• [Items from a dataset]
__________________________________________________

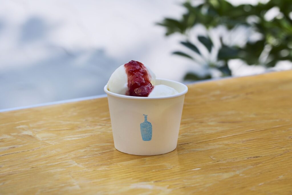 クラフトアイスクリームブランド「HiO ICE CREAM」の濃厚なミルクアイスに、甘酸っぱいいちごジャムをトッピング。初夏の風を感じながら味わいたい、ここだけの限定デザートです。
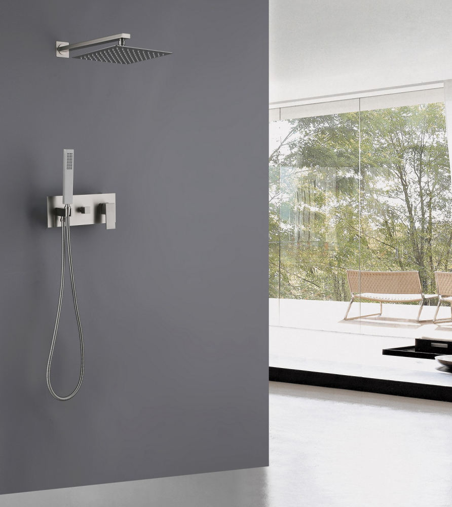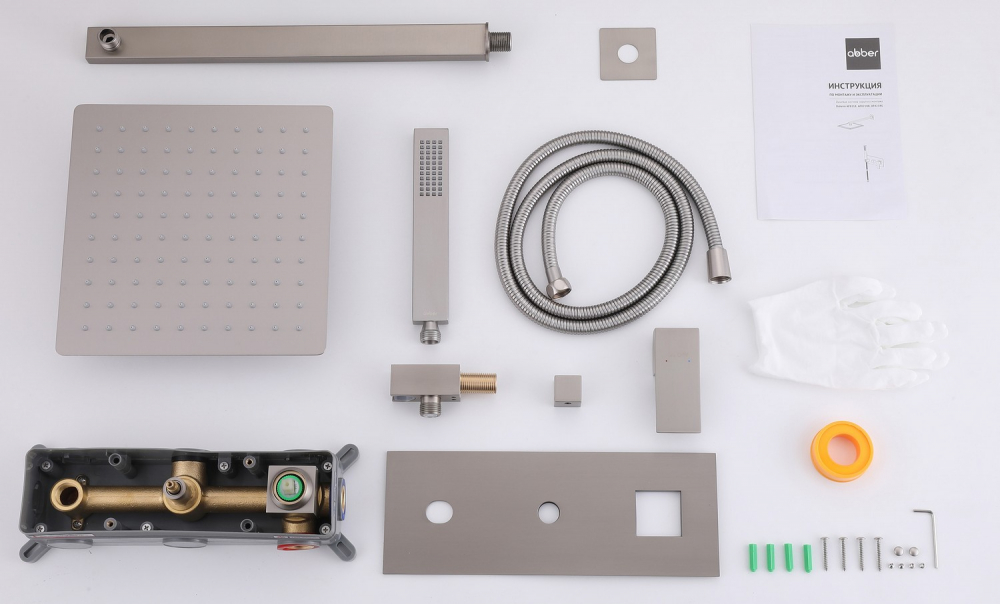 Состав поставки: смеситель внешняя и внутренняя часть, верхний душ, душевая лейка, держатели, душевой шланг
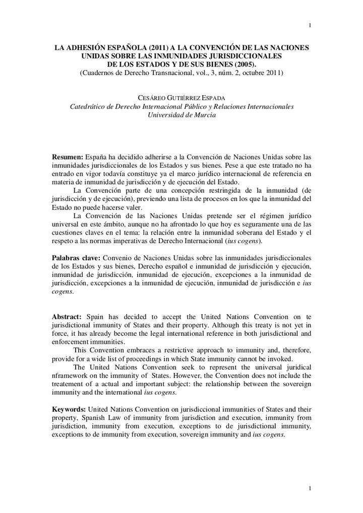 España ha decidido adherirse a la Convención de Naciones Unidas sobre las inmunidades jurisdiccionales de los Estados y sus bienes. Pese a que este tratado no ha entrado en vigor todavía constituye ya el marco jurídico internacional de referencia en materia de inmunidad de jurisdicción y de ejecución del Estado. La Convención parte de una concepción restringida de la inmunidad (de jurisdicción y de ejecución), previendo una lista de procesos en los que la inmunidad del Estado no puede hacerse valer. La Convención de las Naciones Unidas pretende ser el régimen jurídico universal en este ámbito, aunque no ha afrontado lo que hoy es seguramente una de las cuestiones claves en el tema: la relación entre la inmunidad soberana del Estado y el respeto a las normas imperativas de Derecho Internacional (ius cogens).
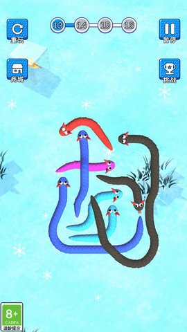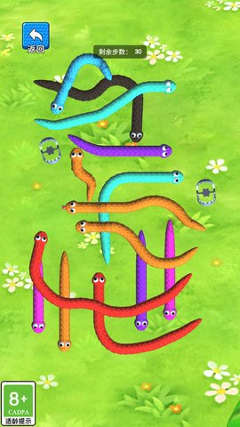 2、确保按正确的顺序挑选蛇并将它们全部保存以通过关卡。
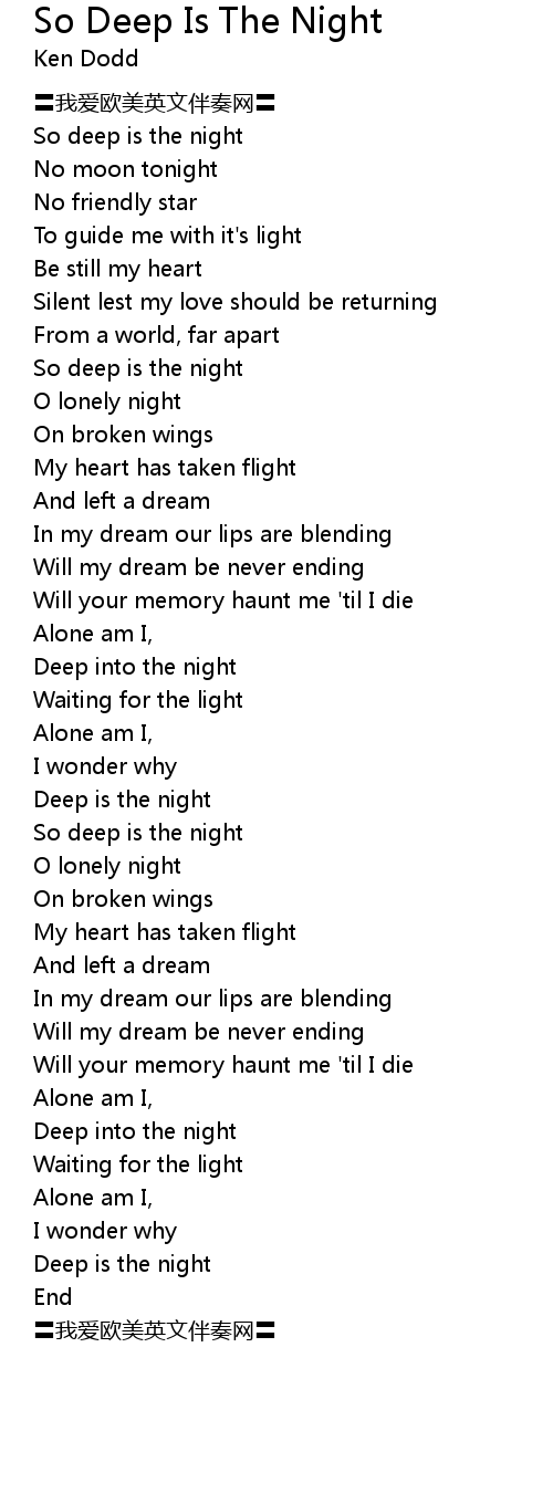 | [00:16.88] | So deep is the night |
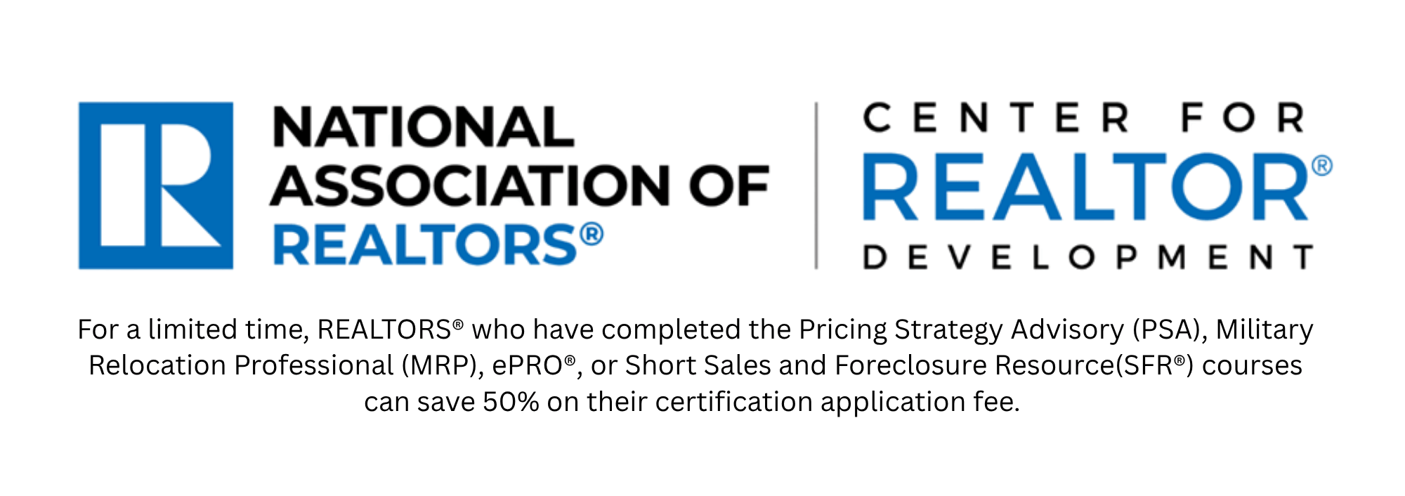 We offer trademarked NAR designation and certification courses on a quarterly basis. Many of these courses include a nationally renowned industry professional speaker and registration is open to all licensed REALTORS®.
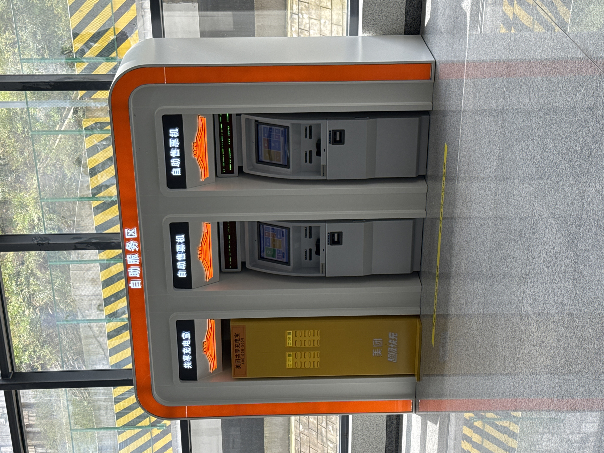 The image depicts a self-service kiosk in what appears to be a transportation hub in Wulong District, China. The kiosk is white with orange trim and features several vending machines, including two ticket vending machines ("自助售票机") on the upper levels. At the bottom level is a power bank or portable battery rental station ("共享充电宝") branded by Meituan, a Chinese e-commerce platform. The kiosks are labeled with Chinese characters, including the phrase "Self-service area" ("自助服务区"). The ground is gray and textured and is marked with yellow and black caution stripes. A glass wall sits behind the kiosk.
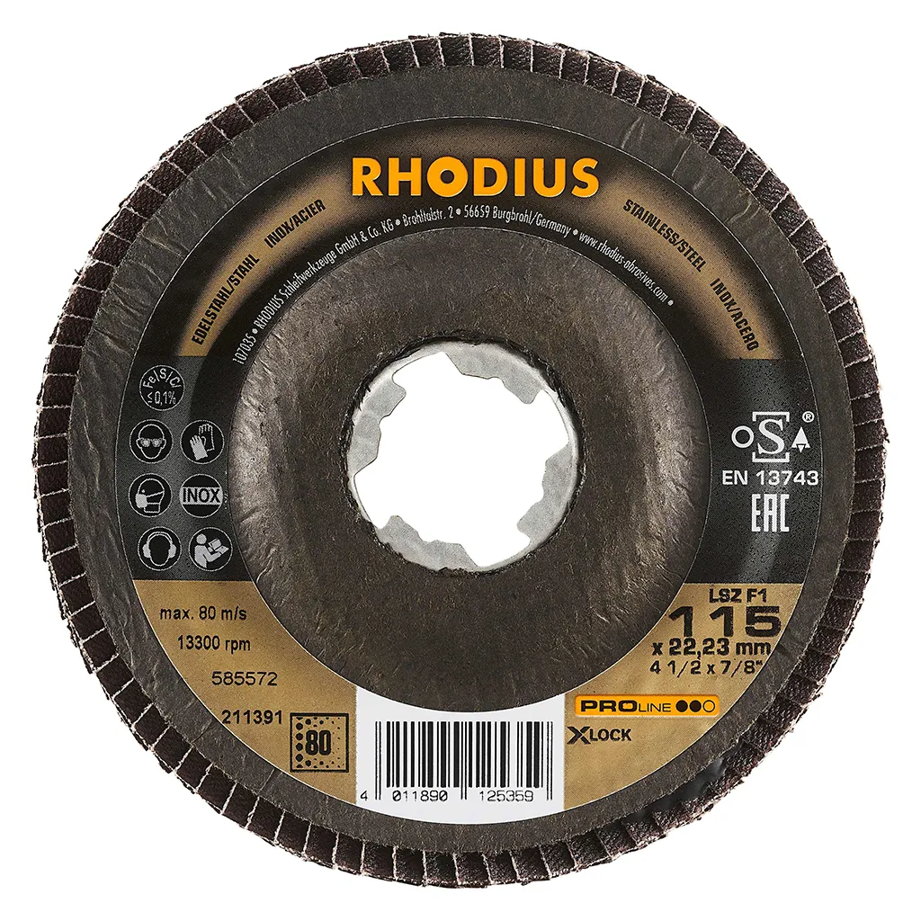Ce disque a été conçu conformément à la norme EN 13743, satisfait aux exigences de sécurité et est homologué par l’oSA. Le plateau support est fabriqué en tissu en fibres de verre. Son utilisateur peut travailler en exerçant de fortes pressions sur sa machine. Le LSZ F1 X-LOCK utilise du zirconium de qualité comme grain abrasif. Tous les disques à lamelles RHODIUS ne contiennent en outre ni fer, ni soufre. Les lamelles sont placées de manière conique sur ce disque. Le positionnement conique des lamelles à 10° améliore l’ergonomie pendant le meulage et facilite ainsi la manipulation.

__________________________________________________

Output must match the lines from the start of the records above through the line that contains "The image depicts", exactly and with every picture removed.

• [RESPONSE TO THE TASK]
 クラフトアイスクリームブランド「HiO ICE CREAM」の濃厚なミルクアイスに、甘酸っぱいいちごジャムをトッピング。初夏の風を感じながら味わいたい、ここだけの限定デザートです。
 Состав поставки: смеситель внешняя и внутренняя часть, верхний душ, душевая лейка, держатели, душевой шланг
 España ha decidido adherirse a la Convención de Naciones Unidas sobre las inmunidades jurisdiccionales de los Estados y sus bienes. Pese a que este tratado no ha entrado en vigor todavía constituye ya el marco jurídico internacional de referencia en materia de inmunidad de jurisdicción y de ejecución del Estado. La Convención parte de una concepción restringida de la inmunidad (de jurisdicción y de ejecución), previendo una lista de procesos en los que la inmunidad del Estado no puede hacerse valer. La Convención de las Naciones Unidas pretende ser el régimen jurídico universal en este ámbito, aunque no ha afrontado lo que hoy es seguramente una de las cuestiones claves en el tema: la relación entre la inmunidad soberana del Estado y el respeto a las normas imperativas de Derecho Internacional (ius cogens).
 2、确保按正确的顺序挑选蛇并将它们全部保存以通过关卡。
 | [00:16.88] | So deep is the night |
 We offer trademarked NAR designation and certification courses on a quarterly basis. Many of these courses include a nationally renowned industry professional speaker and registration is open to all licensed REALTORS®.
 The image depicts a self-service kiosk in what appears to be a transportation hub in Wulong District, China. The kiosk is white with orange trim and features several vending machines, including two ticket vending machines ("自助售票机") on the upper levels. At the bottom level is a power bank or portable battery rental station ("共享充电宝") branded by Meituan, a Chinese e-commerce platform. The kiosks are labeled with Chinese characters, including the phrase "Self-service area" ("自助服务区"). The ground is gray and textured and is marked with yellow and black caution stripes. A glass wall sits behind the kiosk.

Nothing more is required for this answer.